Hello LionsWarthogsMillions, That is too complicated to understand for me. I rather continue clicking being an ES Master and do whatever I want to do, however I want to do.
That's the spirit... Be your own man, your own soul, with your own style approach. Don't be swayed up and down and left and right by unknown mysterious forces If you can make a million with ES click click click...then do that. Make all the money you can so you can buy a Bugatti Veyron Patek Philippe caviar mignon The world is yours if you are a master day trader
I think the rule #1 is to stay in the game, Then have the patience & be humble. Look forward and know history. Kind of pattern recognition. It’s not complicated IMO. Just be there tomorrow. Practice makes perfect. I’ve spent 13yrs on & off. I’ve never made money, But x10 last 3 months. From common sense. Educated guesses. Click, click, click.

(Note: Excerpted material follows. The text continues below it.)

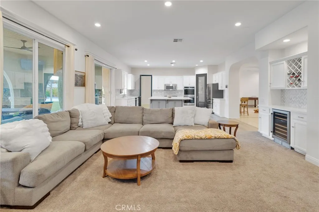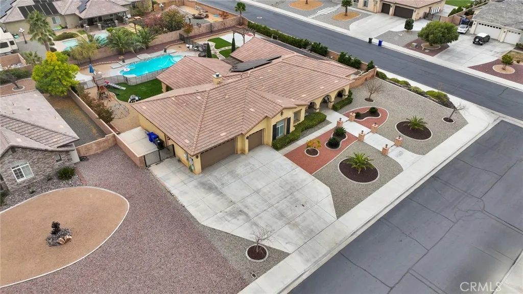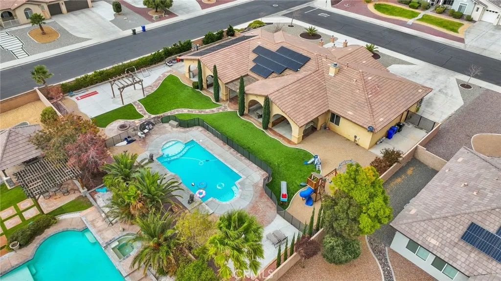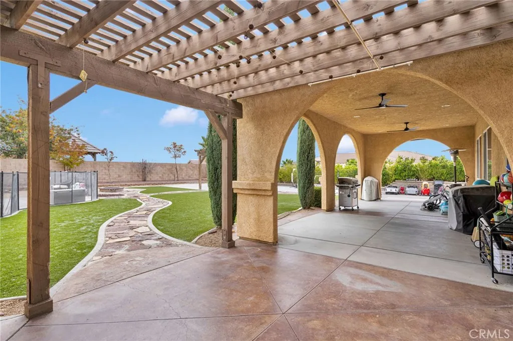 Welcome to Fuji Court, a retreat-like home in the gated Veranda community. With 3,184 sq ft of living space, 4 bedrooms, an office/bonus room, and 2.5 baths this home is designed for refined comfort and easy living. Beautiful curb appeal and landscape lighting highlights the architecture & mature plantings. Inside, tall ceilings and large windows bring natural light into every room. The layout includes a formal living room, formal dining, and a spacious family room with fireplace, built-in wine bar, and expansive views that extend living space into the stunning backyard. The remodeled chefs kitchen features white cabinetry, quartz countertops, a large island, Carrara marble backsplash, double smart ovens, walk-in pantry, coffee bar, and included refrigerator. The kitchen flows seamlessly to the family room where cooking, conversation and everyday living come together. The owner's suite offers a luxurious place to unwind and a spacious ensuite bath with dual sinks, makeup vanity, jetted soaking tub, and a large walk-in closet with built-in organization. Three additional generously sized bedrooms plus a bonus room that works well as a 5th bedroom, media room or home office. Set on nearly a half-acre corner lot, the backyard is designed for relaxation & recreation. Gated RV parking and extensive concrete work lead to a backyard built for year-round enjoyment. The large under-truss patio offers recessed lighting, ceiling fans and TV mounts. A swimming pool with a sunning ledge, raised waterfalls, tanning deck, & safety fencing creates a private resort feel. A wood gazebo, firep

That's the way a human's success life chart generally looks like It's not a linear smooth line... you may see relatively flat stagnant dormant movement... And then Boom... the line dramatically propels at an upward trajectory because of a eureka discovery actionable moment of consciousness Most humans lack the wide spectrum viewpoint depth and patience to achieve true yield potential
I think the potential bounce levels in the market are pretty obvious if you take a wide view of the market. Basically, we've gone straight up since the pandemic and really parabolic in the last 2 years without much consolidation. I think we have a ways to go on this drop.
Some interesting stats: He also argues that history provides a sobering reminder about bear market psychology. For example, during the Global Financial Crisis, the S&P 500 experienced eleven rallies averaging 10% each (typically lasting less than two months), while ultimately losing 57% over a year and a half. The Tech Bubble saw seven rallies averaging 14% over five-month periods amid a 49% overall decline spanning two and a half years. “The desire to believe it was the bottom was quite high during each of those rallies but earnings estimates and trailing PE [share price to earnings] multiples had to still go lower, which ultimately drove the stocks lower,” he says.